Alejandro Botero

Personal information
- Full name: Alejandro Botero López
- Date of birth: October 8, 1980 (age 45)
- Place of birth: Pereira, Colombia
- Height: 1.87 m (6 ft 2 in)
- Position: Goalkeeper

Youth career
- Deportivo Cali

Senior career*
- Years: Team / Apps / (Gls)
- 1998–2002: Deportivo Cali / (Total) 80 / (0)
- 2002–2003: Independiente / 5 / (0)
- 2003–2005: Argentinos Juniors / 14 / (0)
- 2005: Deportivo Cali / (see above) / (0)
- 2006–2009: San Martín (SJ) / 8 / (0)
- 2009–2010: Boyacá Chicó / 42 / (0)
- 2011–2012: Deportes Tolima / 3 / (0)

= Alejandro Botero =

Colombian footballer (born 1980)

Alejandro Botero López (born October 8, 1980) is a former Colombian football player. He played as goalkeeper in the professional divisions of Colombian and Argentine football.

After his retirement from professional football in 2012, he resumed his career as a commercial aviator, which he had started in the years during which he was playing in Argentine football.

==Career==

He played in the goalkeeper position, both wearing the shirt of the Colombian professional football team and in football teams in that country and in Argentina.

His sports career began at the age of 18, serving the Deportivo Cali club, where he played for 4 years.

In the Argentine club Independiente de Avellaneda, he was champion in 2002; however, in this club he did not have the opportunity to be a starting goalkeeper.

Later, Botero went down a division to play with Argentinos Juniors. At the end of the 2003–2005 season, this team managed to be promoted to play in the Argentine first division, with Botero having a successful performance.

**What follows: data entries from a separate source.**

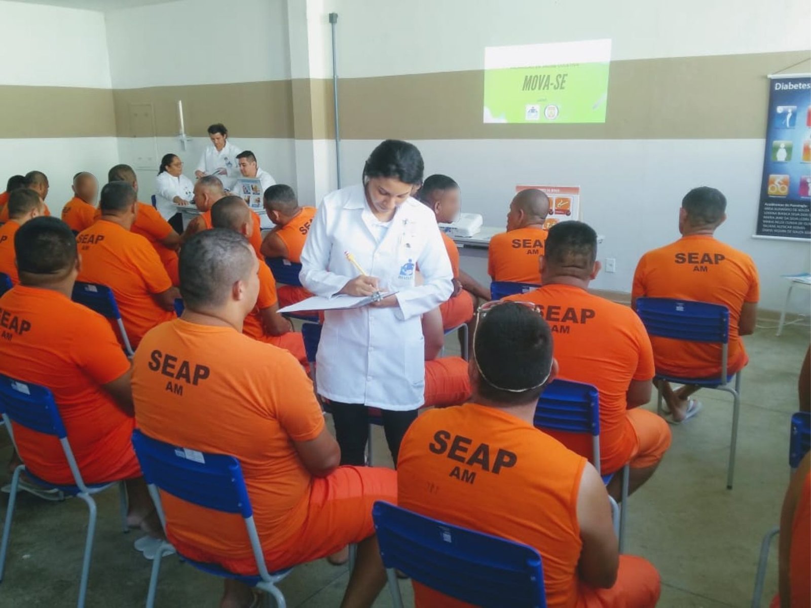 Com a participação de médicos, enfermeiros e nutricionistas, foram realizadas palestras sobre hipertensão arterial, diabetes e obesidade, com conscientização sobre mudanças em estilo de vida, autocuidado e orientação para alimentação saudável. A ação atendeu 40 internos.
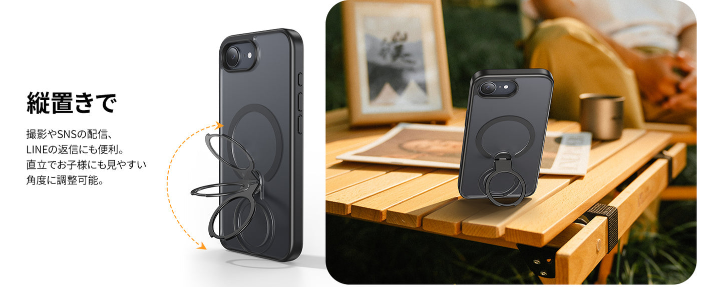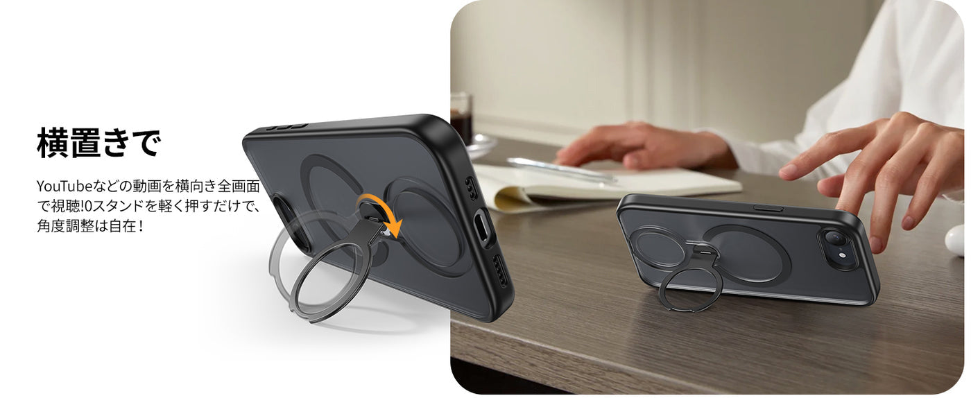 • 【360°回転スタンド · 向きも角度も自由自在】多機能スタンドとリング一体型の斬新なデザインです。スタンドを閉じれば背面はスマートに。どの向きでも安定して支えることができ、横置きの場合は30-113°、縦置きの場合は24-97°に角度調整が可能。スタンドを開くだけで好きな角度でスマホを楽しめます。スタンド部分を指にかければスマホリングとしても使えます。※リング部分を持ったまま強い力を与えないようにご注意ください。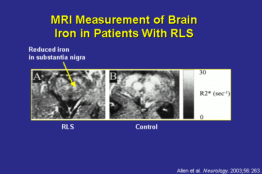 If you do even more sophisticated imaging studies in which you actually look at iron concentration in the substantia nigra, which is supposed to be the culprit that's supposed to be mediating movement disorders, you can see that there are a lot of white areas in the control, which tells you that there is a fair amount of iron. This is a specific test for iron imaging in the brain. Which lately has gotten a lot of interest in neurology. And you can see there's a lot of white out here in the control people, and in the patients with restless leg syndrome, there's actually reduced iron. Which suggests that it's really a state of regional iron deficiency. The fact that they don't have enough iron in the substantia nigra is the reason why they have restless leg syndrome.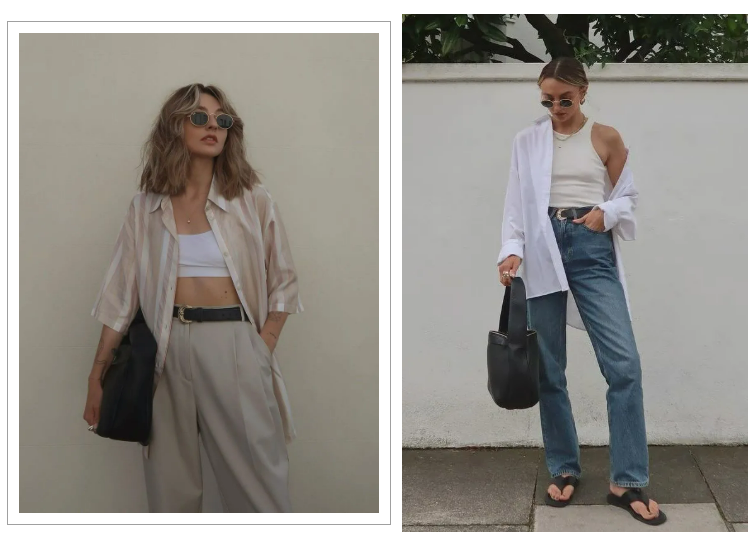 左:衬衫ACNE / 内搭Tint Swimwear / 墨镜Ray-Ban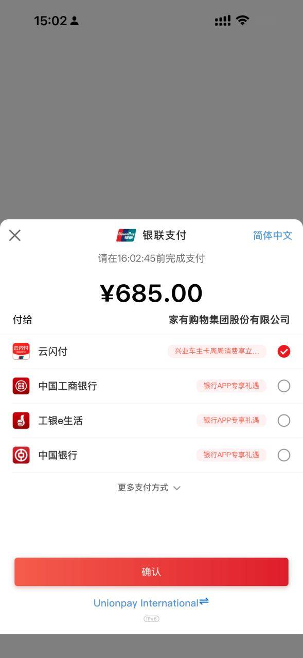 下单后,在支付页面务必选择“云闪付”支付。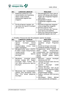 4. Membuat laporan kegiatan per 1. Mencatat penggunaan anggaran

In September 2005, he returned to the Deportivo Cali club, a Colombian team where he had started his career as a football player. There he won the professional football tournament that year.

In 2006, he returned to Argentine football, playing with the San Martín de San Juan club, where he had the opportunity to play for the second time with a team that was promoted to the Argentine first division.

In 2009, he returned to Colombian football, where he joined the Boyacá Chicó team.

His professional career began in 1998 and ended in 2012.

== Retirement from football ==

In 2011, while he was playing for the Deportes Tolima team in Colombia, he made the decision to retire from professional football, to dedicate himself to resuming his career as a commercial aviator.

He had already partially started this career, at the Academia Flight Center in Buenos Aires, from the time he was playing in Argentine football.

His father, David Botero, was a tourism agent and airline representative, which inspired Alejandro as a child to be passionate about the field of aviation.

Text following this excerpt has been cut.